Подошел отец Петр с крестом. Осужденные встали.
— Сейчас? — спросил Пестель.
— Нет, скажут, — ответил Рылеев.
Бестужев взглянул на отца Петра, как будто и его хотел спросить: «Когда же гонец?» Но отец Петр отвернулся от него с видом почти таким же потерянным, как у самого Бестужева. Вынул платок и вытер пот с лица.
— Платок не забудете? — напомнил ему Рылеев давешнюю просьбу о платке государевом.

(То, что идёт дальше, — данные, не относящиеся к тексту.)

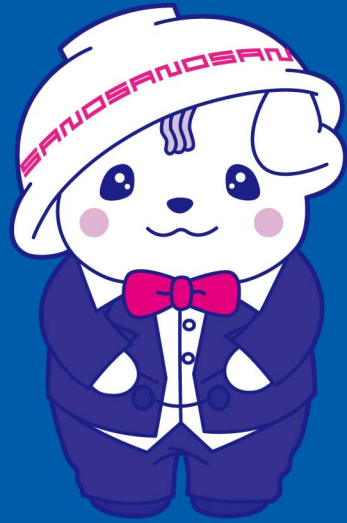
佐野ブランドキャラクター さのまる ©佐野市
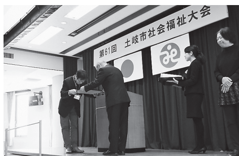
土岐市社会福祉大会
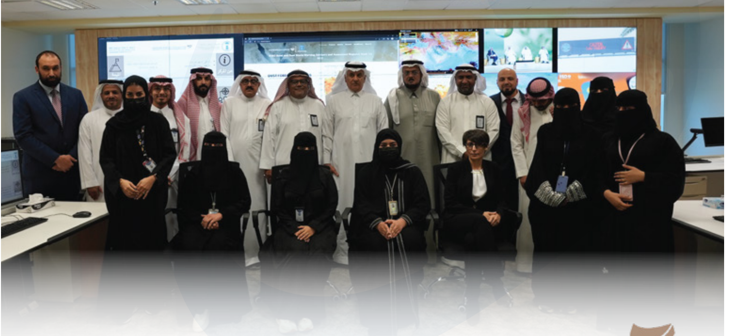
المركز الإقليمي للتحذير من العواصف الغبارية والرملية Sand and Dust Storm Warning Regional Center
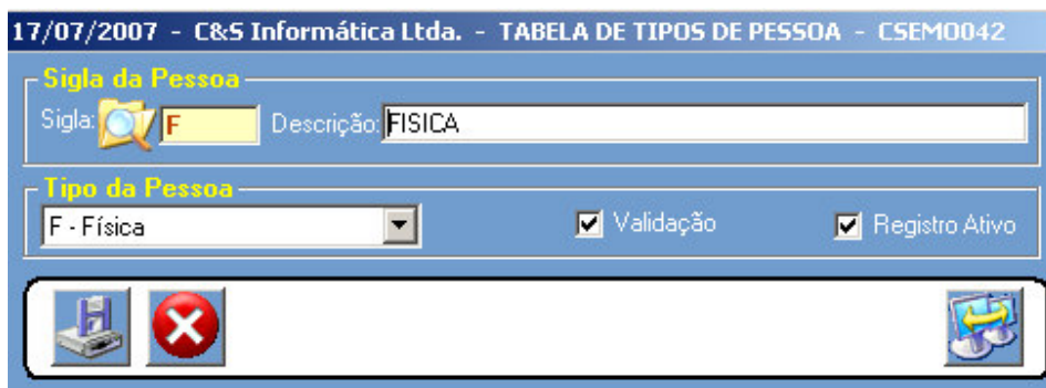
Figura - 03
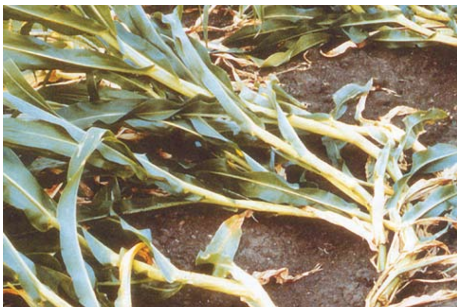
Epidemija i napad kukuruzne zlatice na svu sreću nije česta pojava, ali spada u kategoriju elementarnih nepogoda i problem je gdje god se pojavi

za proračun štete je prosječni trogodišnji prirod te kulture u županiji po jedinici mjere. Navedeni prirod treba pomnožiti s prosječnim tržišnim cijenama ostvarenim u prethodnoj godini u Republici Hrvatskoj i dobiveni iznos umanjiti za procijenjene nerealizirane troškove gnojidbe, zaštite, berbe, prijevoza, sušenja i
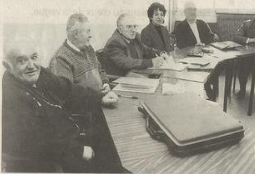
L'assemblée de philatélistes avec son nouveau bureau.

"L'année 1998 sera prolifique en émissions avec le mondial de football", prévoit Marc Torrejon. Ajoutons, qu'elle sera riche en activités. Au programme est inscrit en outre une journée du timbre à Narbonne et une sortie amicale à Mirepoix, le 31 mai prochain.
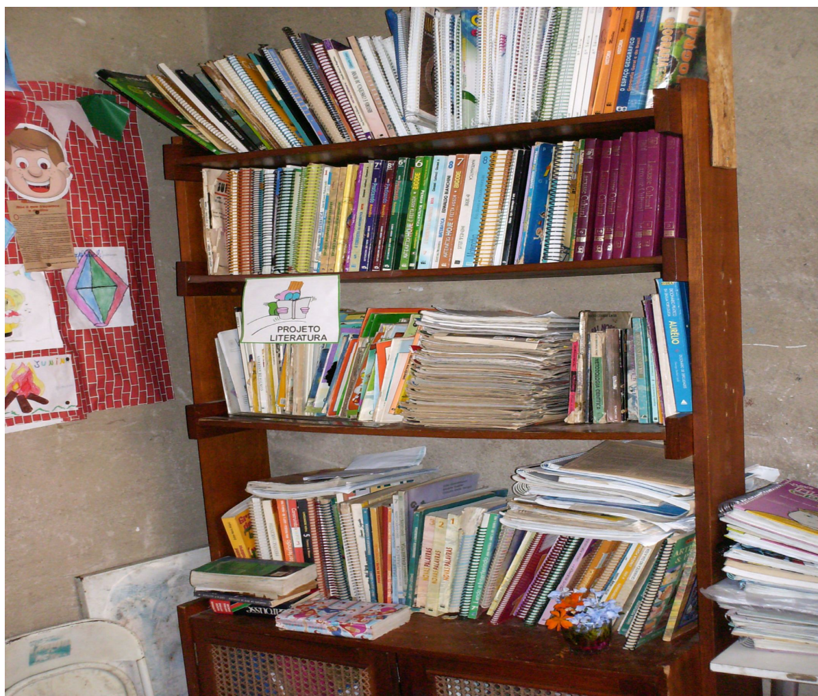
Foto 8: Estante de livros localizada na varanda da explicadora. Rio de Janeiro, julho/2006.

Eles dinamizam o trabalho colocando à disposição dos alunos o material que pode ser utilizado na explicação: livros didáticos, mapas geográficos, revistas e jornais para pesquisas, cadernos escolares dos anos anteriores e o arquivo das atividades já realizadas. Ou seja, eles já possuem um acervo e uma pequena biblioteca.

— Не забуду, не забуду, Кондратий Федорович, будьте покойны… Ну, что ж они… Господи! — заторопился отец Петр, оглянулся: может быть, все еще ждал гонца, или думал: «Уж скорее бы!» и подошел к обер-полицеймейстеру Чихачеву, который, стоя у виселицы, распоряжался последними приготовлениями. Пошептались, и отец Петр вернулся к осужденным.
— Ну, друзья мои… — поднял крест, хотел что-то сказать и не мог.
— Как разбойников провожаете, отец Петр, — сказал за него Муравьев.
— Да, да, как разбойников, — пролепетал Мысловский; потом вдруг заглянул прямо в глаза Муравьеву и воскликнул торжественно: «Аминь глаголю тебе: днесь со Мною будеши в раю!».[79]
Муравьев стал на колени, перекрестился и сказал:
— Боже, спаси Россию! Боже, спаси Россию! Боже, спаси Россию!
Наклонился, поцеловал землю и потом — крест.
Бестужев подражал всем его движениям, как тень, но, видимо, уже не сознавал, что делает.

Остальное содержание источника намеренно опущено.